* WHAT IS BEING ASKED *
Please copy all of the data that follows exactly, leaving any pictures out.

* INPUT DATA *
Segment Open
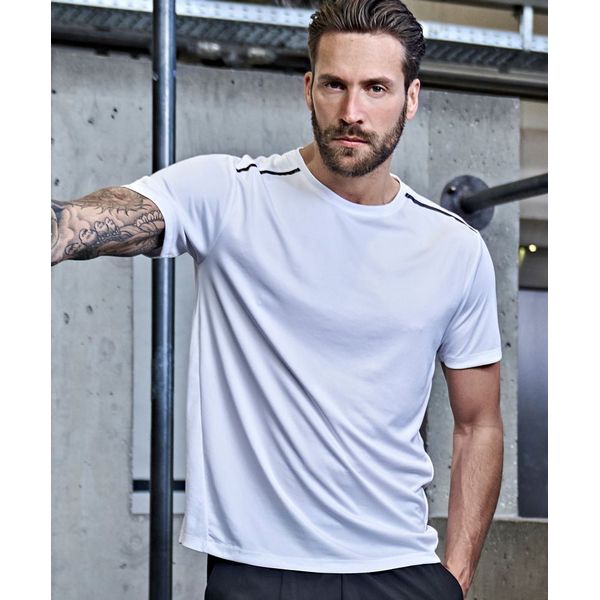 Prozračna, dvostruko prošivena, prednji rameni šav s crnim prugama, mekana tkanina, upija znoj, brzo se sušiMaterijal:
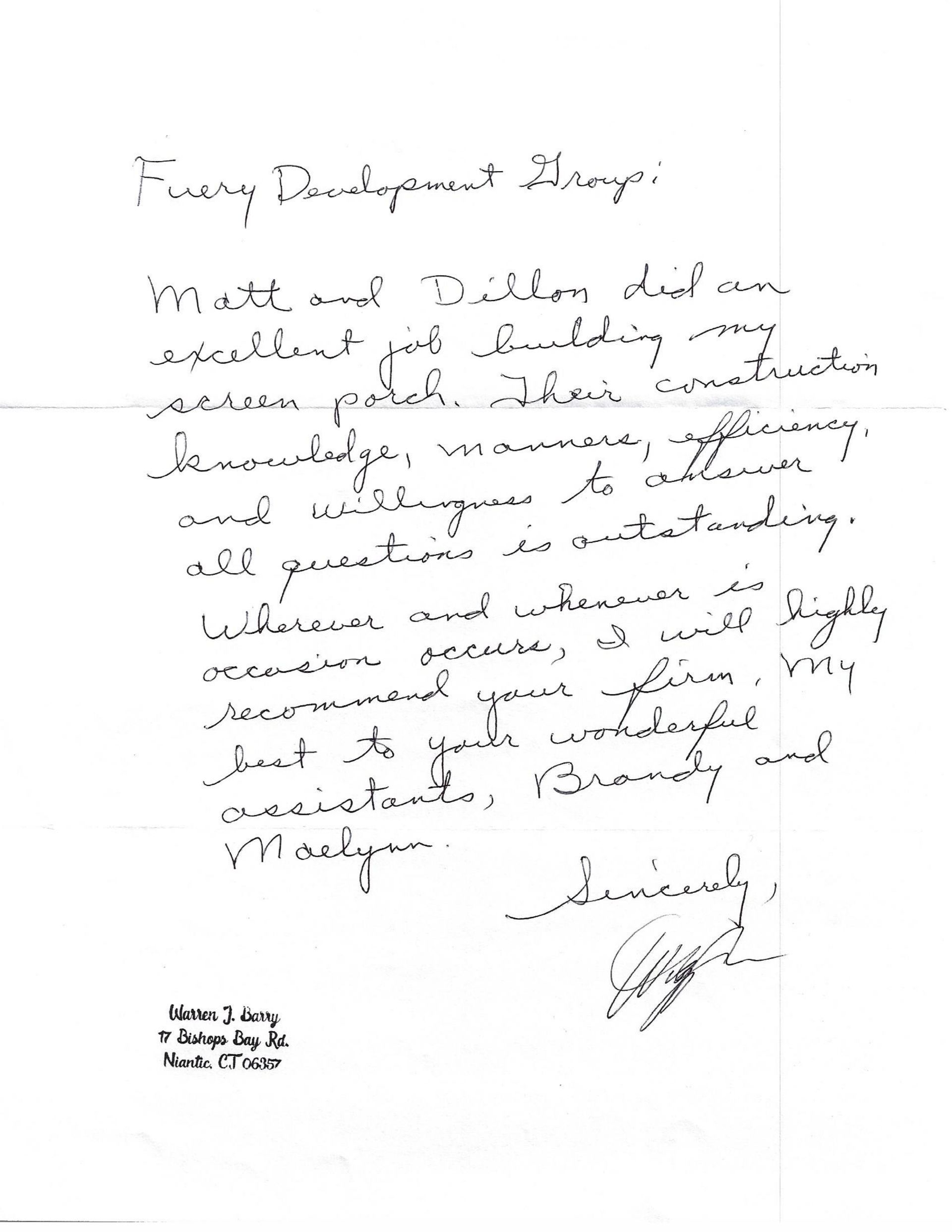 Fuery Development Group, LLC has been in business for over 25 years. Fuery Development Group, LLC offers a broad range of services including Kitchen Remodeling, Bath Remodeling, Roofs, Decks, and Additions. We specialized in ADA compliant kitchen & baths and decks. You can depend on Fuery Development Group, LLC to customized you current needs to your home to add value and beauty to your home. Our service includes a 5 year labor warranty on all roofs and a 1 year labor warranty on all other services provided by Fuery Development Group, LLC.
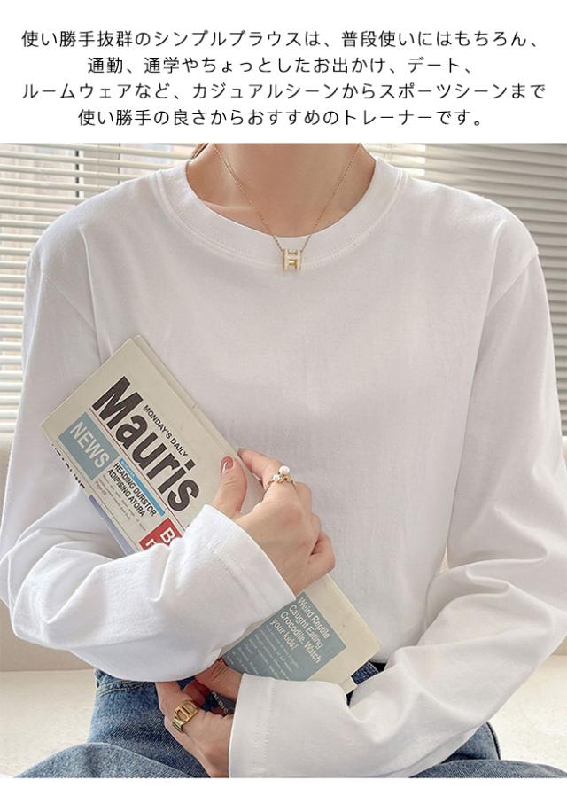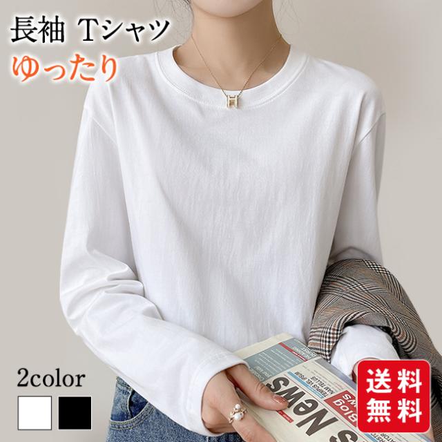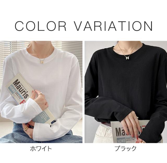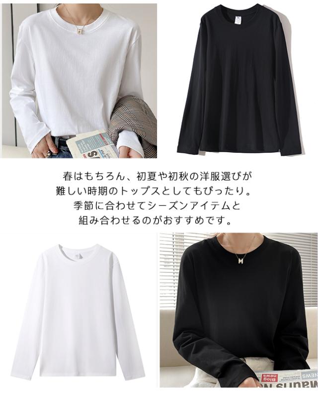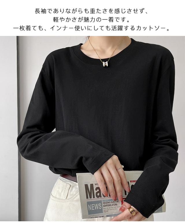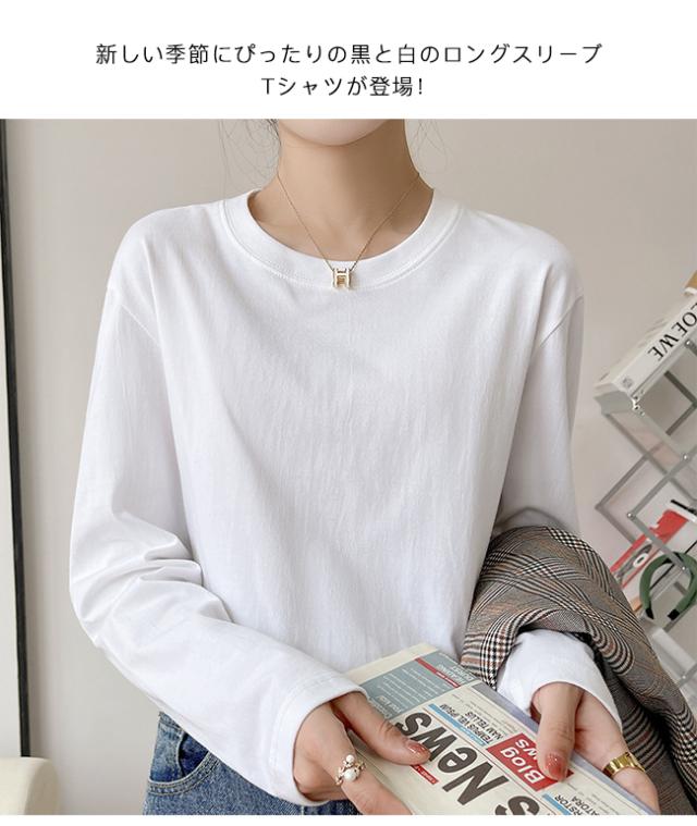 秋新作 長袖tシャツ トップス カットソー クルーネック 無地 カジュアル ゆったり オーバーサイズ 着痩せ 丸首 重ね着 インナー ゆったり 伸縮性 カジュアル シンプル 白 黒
Segment Closed
* EXERCISE RESULT *
 Prozračna, dvostruko prošivena, prednji rameni šav s crnim prugama, mekana tkanina, upija znoj, brzo se sušiMaterijal:
 Fuery Development Group, LLC has been in business for over 25 years. Fuery Development Group, LLC offers a broad range of services including Kitchen Remodeling, Bath Remodeling, Roofs, Decks, and Additions. We specialized in ADA compliant kitchen & baths and decks. You can depend on Fuery Development Group, LLC to customized you current needs to your home to add value and beauty to your home. Our service includes a 5 year labor warranty on all roofs and a 1 year labor warranty on all other services provided by Fuery Development Group, LLC.
 秋新作 長袖tシャツ トップス カットソー クルーネック 無地 カジュアル ゆったり オーバーサイズ 着痩せ 丸首 重ね着 インナー ゆったり 伸縮性 カジュアル シンプル 白 黒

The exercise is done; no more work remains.